I hit a display bug on one of my plugins this morning.
Felt sure about the fix.
Told the Sonnet worker to swap the logic to kCFNull and push it.
Walked away.
Worker came back and said no.
Flagged that my fix was a regression against working Phase 2 code.
Reverted it.
Added diagnostics.
Proved the original empty-dict approach was right all along.
I was the junior in that exchange. The advisor had the wrong mental model.
The worker was closer to the code and called it.
Three things this only works if you have in place:
- The worker can disagree. If the system prompt says "execute what the advisor says," the worker agrees and ships the regression. My workers are briefed to push back when the instruction conflicts with what the code is actually doing.
- The worker can revert. Full commit access, not suggestion-only. It rolled back my change, added diagnostics, and proved the case with evidence before I saw any of it.
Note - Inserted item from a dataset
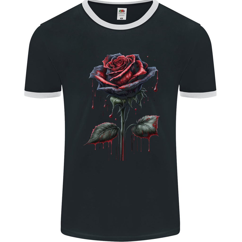 Elevate your wardrobe with a touch of darkness and mystery with our Gothic Rose Dripping With Blood Goth Men's Ringer T-Shirt. Embrace the allure of gothic fashion and let your outfit reflect your innermost desires and passions.

- The advisor can hear it. I had to clock the pushback as a feature, not an annoyance. First instinct was frustration. Second instinct was "oh, I was wrong." The gap between those two instincts is where most people break their own system.
This is the hands-in-the-shadows setup I've been building for months.
Opus in the advisor seat making judgment calls. Sonnet and Haiku workers executing in the background, with tools and permissions. Today was the first time a worker straight up told me I was wrong and had receipts.
If your AI always agrees with you, it's not a worker. It's a mirror.
The willingness of the system to correct its own operator is the part most people don't build in.